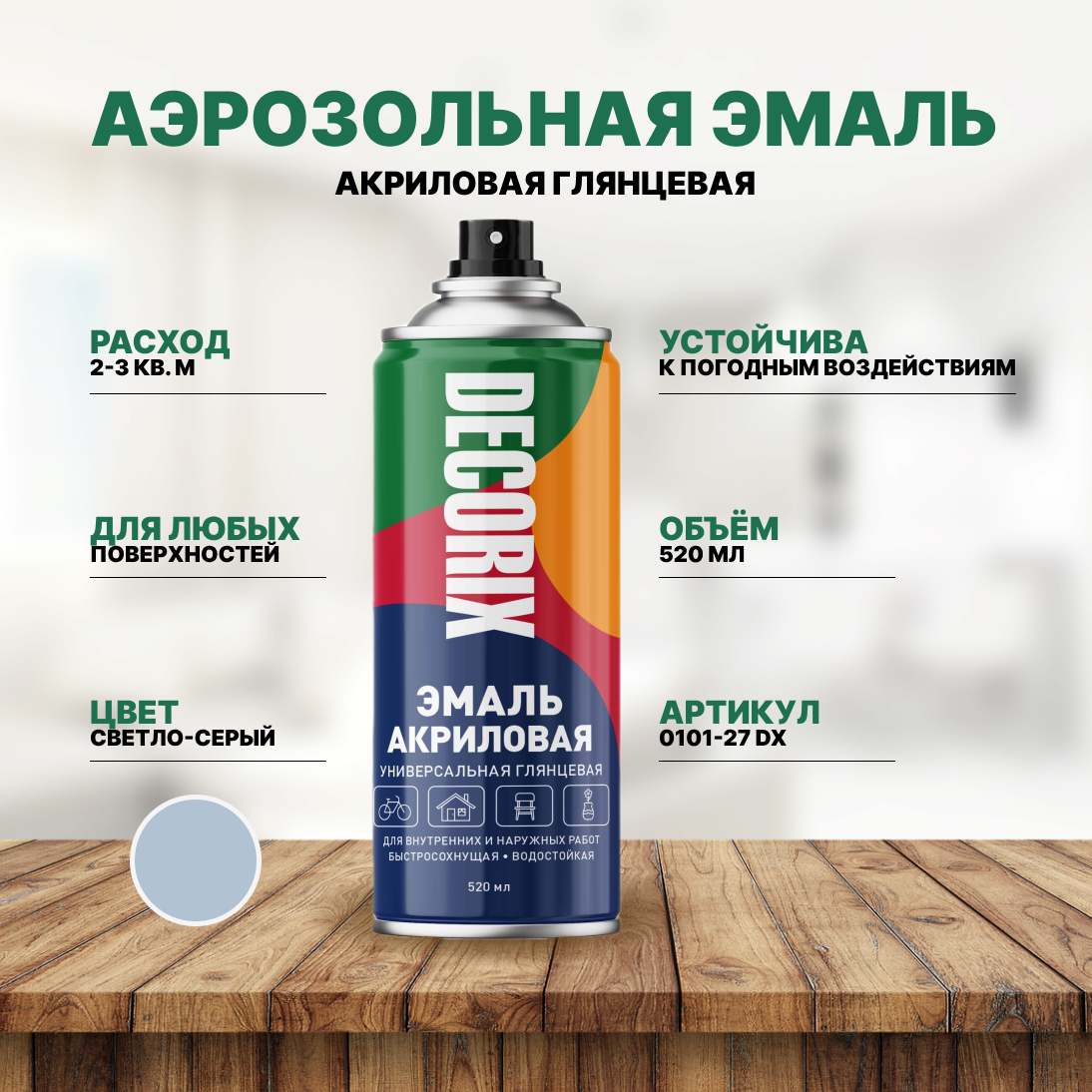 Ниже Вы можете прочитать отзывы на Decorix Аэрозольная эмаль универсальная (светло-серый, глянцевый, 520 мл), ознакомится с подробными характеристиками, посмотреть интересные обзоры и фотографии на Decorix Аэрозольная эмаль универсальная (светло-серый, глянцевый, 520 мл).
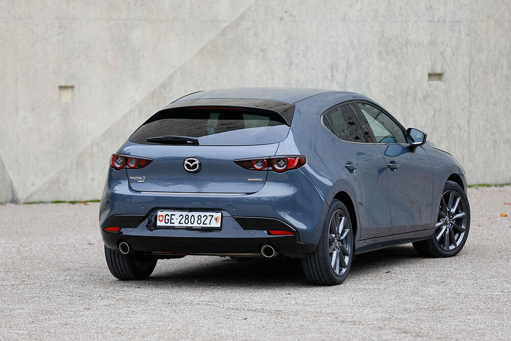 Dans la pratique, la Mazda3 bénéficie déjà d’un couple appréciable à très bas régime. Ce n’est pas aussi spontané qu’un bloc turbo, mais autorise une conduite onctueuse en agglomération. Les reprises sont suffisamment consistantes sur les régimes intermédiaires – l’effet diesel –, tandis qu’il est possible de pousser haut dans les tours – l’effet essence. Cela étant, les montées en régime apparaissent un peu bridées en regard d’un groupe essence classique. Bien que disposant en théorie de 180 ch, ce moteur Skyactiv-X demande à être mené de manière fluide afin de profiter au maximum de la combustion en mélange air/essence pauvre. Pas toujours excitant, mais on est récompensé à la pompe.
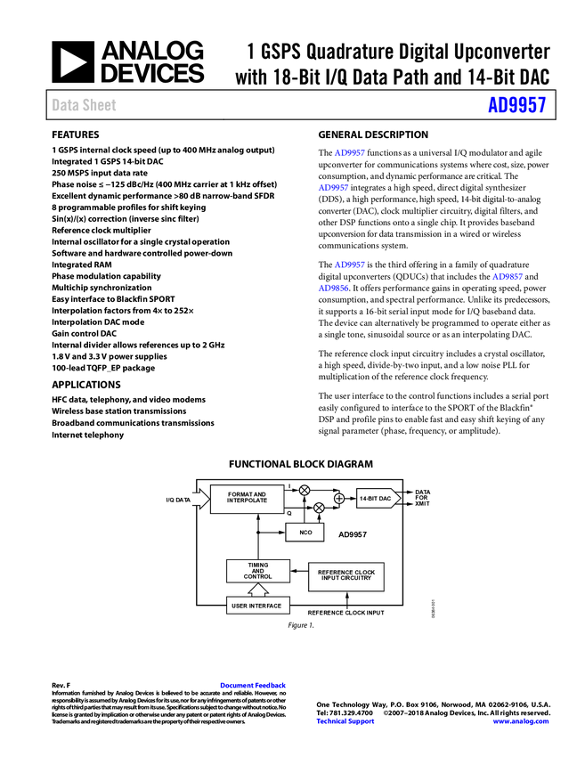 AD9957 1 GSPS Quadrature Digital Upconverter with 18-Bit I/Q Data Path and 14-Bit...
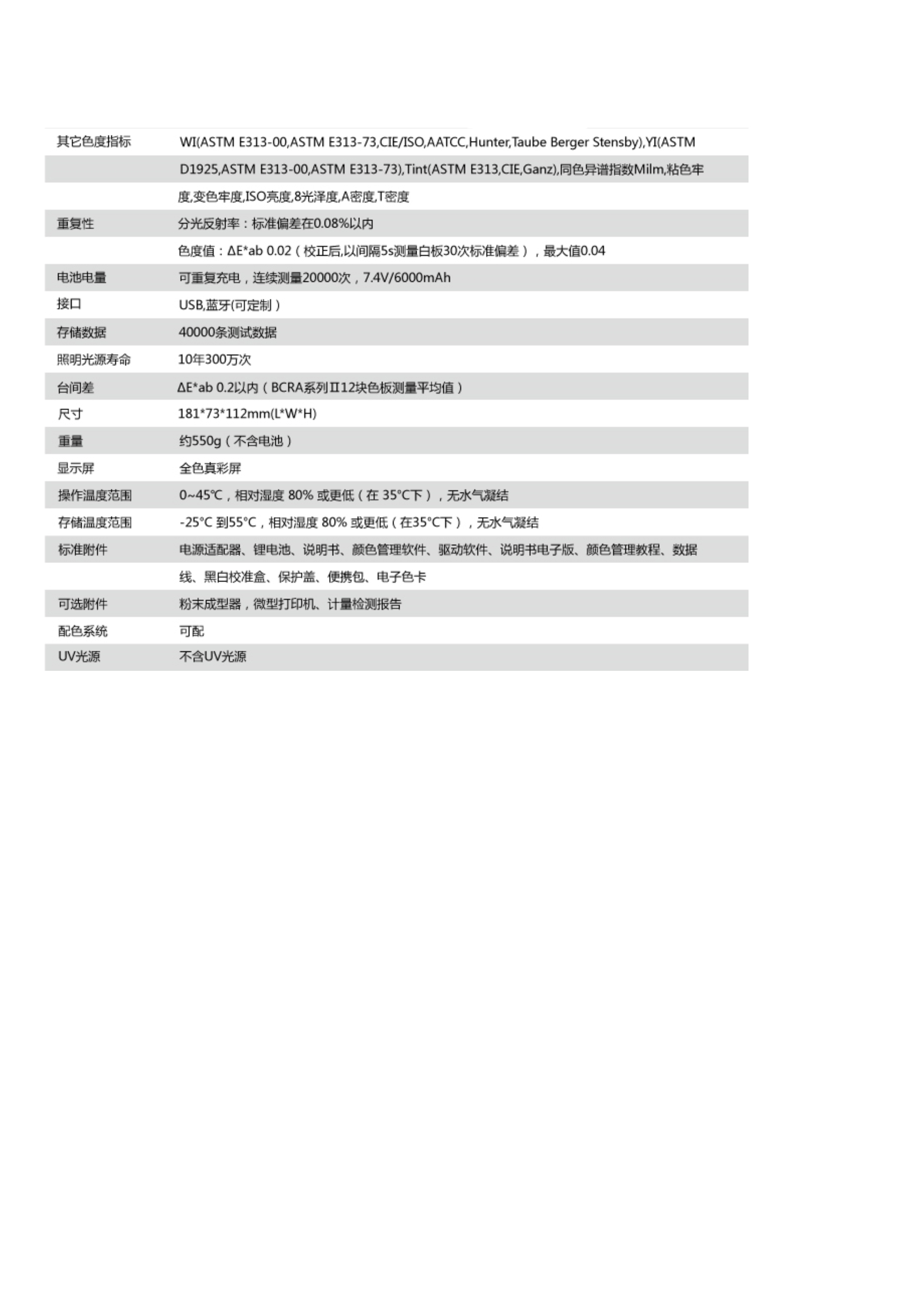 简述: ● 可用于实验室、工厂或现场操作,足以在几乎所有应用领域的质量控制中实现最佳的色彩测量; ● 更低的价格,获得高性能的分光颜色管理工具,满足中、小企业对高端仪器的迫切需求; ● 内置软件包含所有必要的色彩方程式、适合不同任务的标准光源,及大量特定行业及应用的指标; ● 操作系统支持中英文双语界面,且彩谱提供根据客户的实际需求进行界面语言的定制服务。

:::::

= What to do =
Go through the listing and restate each line word for word, leaving out the pictures.

= Written response =
 Ниже Вы можете прочитать отзывы на Decorix Аэрозольная эмаль универсальная (светло-серый, глянцевый, 520 мл), ознакомится с подробными характеристиками, посмотреть интересные обзоры и фотографии на Decorix Аэрозольная эмаль универсальная (светло-серый, глянцевый, 520 мл).
 Dans la pratique, la Mazda3 bénéficie déjà d’un couple appréciable à très bas régime. Ce n’est pas aussi spontané qu’un bloc turbo, mais autorise une conduite onctueuse en agglomération. Les reprises sont suffisamment consistantes sur les régimes intermédiaires – l’effet diesel –, tandis qu’il est possible de pousser haut dans les tours – l’effet essence. Cela étant, les montées en régime apparaissent un peu bridées en regard d’un groupe essence classique. Bien que disposant en théorie de 180 ch, ce moteur Skyactiv-X demande à être mené de manière fluide afin de profiter au maximum de la combustion en mélange air/essence pauvre. Pas toujours excitant, mais on est récompensé à la pompe.
 AD9957 1 GSPS Quadrature Digital Upconverter with 18-Bit I/Q Data Path and 14-Bit...
 简述: ● 可用于实验室、工厂或现场操作,足以在几乎所有应用领域的质量控制中实现最佳的色彩测量; ● 更低的价格,获得高性能的分光颜色管理工具,满足中、小企业对高端仪器的迫切需求; ● 内置软件包含所有必要的色彩方程式、适合不同任务的标准光源,及大量特定行业及应用的指标; ● 操作系统支持中英文双语界面,且彩谱提供根据客户的实际需求进行界面语言的定制服务。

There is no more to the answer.